Княгиня Ольга и византийский император (эволюция сюжета в русской исторической традиции XVI века)
Борис Николаевич Флоря
Институт славяноведения РАН Москва, Россия
Princess Olga and the Byzantine Emperor: Evolution of the Storyline in Russian Historical Tradition of the Sixteenth Century
Boris N. Florya
Institute for Slavic Studies
of the Russian Academy of Sciences
Moscow, Russia
Резюме
В статье показано изменение традиционного рассказа о событиях Х в. под влиянием новых представлений о роли Руси-России в мировой истории.
Ключевые слова
княгиня Ольга, византийский император, Византия и Русь в мировой истории
Abstract
The article explores the evolution of the traditional account about the 10th -century events under the influence of new ideas about the role of Rus'/Russia in the world history.
Keywords
Princess Olga, the Byzantine emperor, Byzantium and Rus' in world history
Цитирование: Флоря Б. Н. Княгиня Ольга и византийский император (эволюция сюжета в русской
исторической традиции XVI века // Slovene. 2018. Vol. 7, № 2. C. 487-493. Citation: Florya B. N. (2018) Princess Olga and the Byzantine Emperor: Evolution of the Storyline in
Russian Historical Tradition of the Sixteenth Century. Slovene, Vol. 7, № 2, p. 487-493. DOI: 10.31168/2305-6754.2018.7.2.19
I («ЭПЯЯ^М This is an open access article distributed under the Creative pi v
1-' Commons Attribution-NoDerivatives 4.0 Inter national 2018 №2 blOVGllG
Первичная версия сюжета об Ольге и византийском императоре читается без существенных изменений и в Новгородской Первой летописи младшего извода, где отразился, по наблюдениям А. А. Шахматова, текст более древний, чем «Повесть временных лет», и в текстах разных редакций «Повести временных лет» [НПЛ: 113-115; ПСРЛ 1/1 (1926): 6163; ПСРЛ 2 (1908): 49-51].

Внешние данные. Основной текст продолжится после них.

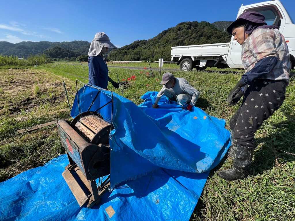 えいじさんはこの後用事があるとのことで、足踏み脱穀機の使い方からふるいのかけ方を教えて下さった後、私たち三人で脱穀作業を進めていきました。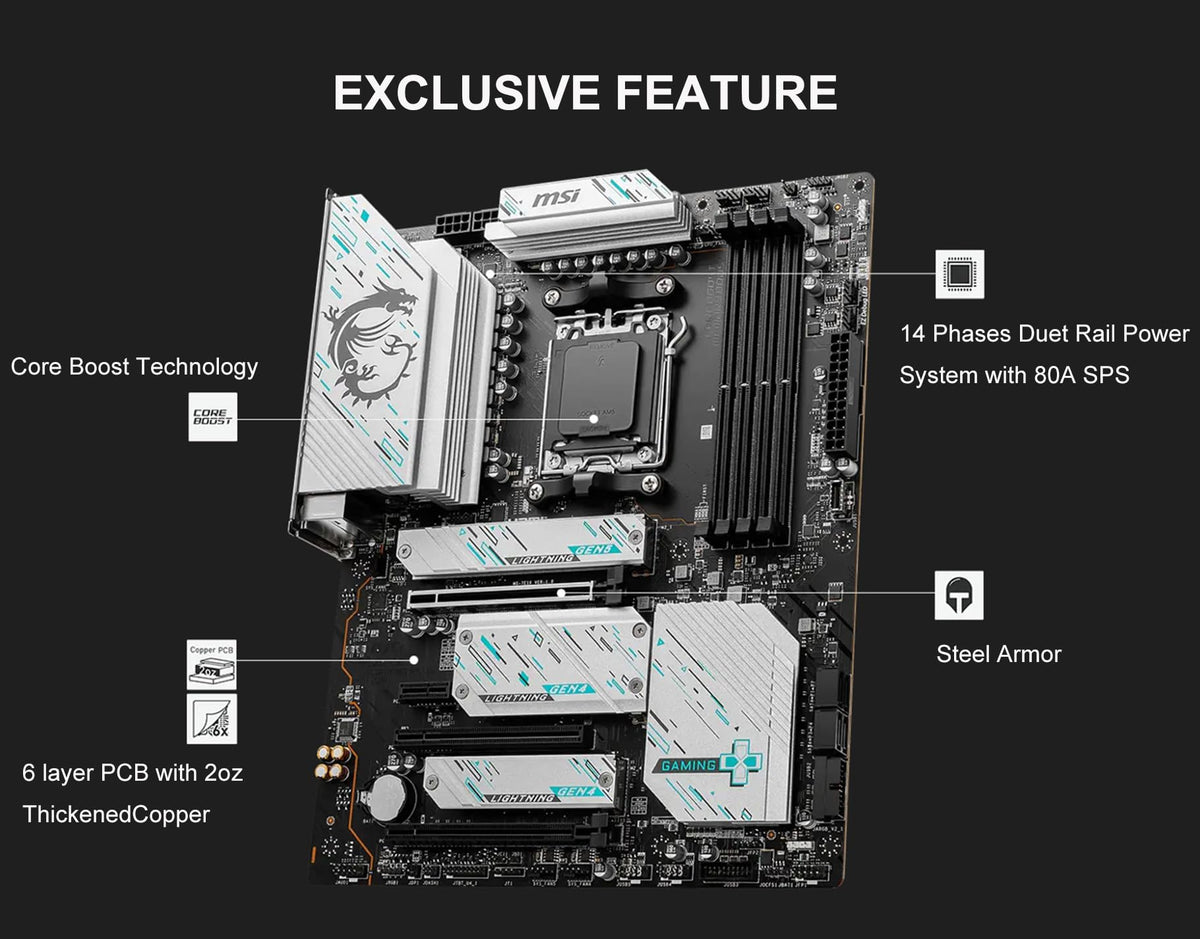 Amd Ryzen 7 7700X Desktop Processor, 8-Core, 16-Thread, 5.4 Ghz Max Boost, Unlocked For Overclocking, 40 Mb Cache, Ddr5-5200 Support, Default Tdp 105W. This Dominant Gaming Processor Can Deliver Fast 100+ Fps Performance In The World'S Most Popular Games | For The State-Of-The-Art Socket Am5 Platform, Can Support Pcie 5.0 On Select 600 Series Motherboards. Os Support: Windows 11/ 10-64-Bit Edition. Cooler & Thermal Solution (Pib) Not Included | Msi X670E Gaming Plus Wifi Gaming Motherboard, Atx Form Factor, Support Am5 Cpu Socket, Supports Ddr5 Dual-Channel Memory Up To 256Gb, Supports Non-Ecc, Un-Buffered Memory, Pcie 5.0 Supports, 1X Pcie 5.0 X4 M.2 Slot, 4X Pcie 4.0 X4 M.2 Slot, 4X Sata 6Gb/S, Usb 3.2 Gen2X2 Type C, Wi-Fi 6E, Supports Bluetooth 5.3, Support For Windows 11/10 64-Bit | Supports Ddr5 Memory, Up To 7800+(Oc) Mhz;/ Enhanced Power Design: 14+2+1 Duet Rail Power System, Dual 8-Pin Cpu Power Connectors, Core Boost, Memory Boost;/ Lightning Fast Game Experience: Pcie 5.0 Slot, Lightning Gen5 M.2, Usb 3.2 Gen 2X2 | Premium Thermal Solution: Extended Heatsink Design And M.2 Shield Frozr Are Built For High Performance System And Non-Stop Works;/ High Quality Pcb: 6-Layer Pcb Made By 2Oz Thickened Copper And Server Grade Level Material;/ Audio Boost: Reward Your Ears With Studio Grade Sound Quality For The Most Immersive Gaming Experience

В повествовании о поездке Ольги в Константинополь и последующих событиях три фрагмента касаются взаимоотношений Ольги и императора. В первом говорится, что, восхищенный Ольгой, император произносит слова: «[П]одобна еси царствовати с нами в граде сем»1. Угадав его намерения, Ольга заявила: «[А]ще мя хощеши крестити, то крести мя сам» [НПЛ: 113]. В дальнейшем император и выступает в роли ее крестного отца.
Во втором фрагменте рассказывается, что, когда после крещения император захотел на ней жениться, Ольга ответила, что он не может жениться на своей крестной дочери: «И рече царь: переклюкала мя еси Ольга» [ПСРЛ 1/1 (1926): 61;ср.: НПЛ: 114]. В этом явно фольклорного происхождения рассказе отмечается определенное превосходство новообращенной христианки над императором.
Другая интонация характерна для третьего фрагмента повествования, в котором говорится о приходе в Киев к Ольге византийских послов, напомнивших о ее обещании (о котором в основном повествовании не говорилось) прислать в Константинополь «челядь, воск и съкору [т. е. меха. — Б. Ф.] и вои в помощь» [ПСРЛ 1/1 (1926): 62-63]. Ольга ответила, что так и поступит, если «постоиши у мене в Почаине, яко же аз в Сюду» [Ibid.: 63]. Слова эти находятся в определенном противоречии с рассказом о пребывании Ольги в Константинополе и, вероятно, восходят к другой фольклорной традиции.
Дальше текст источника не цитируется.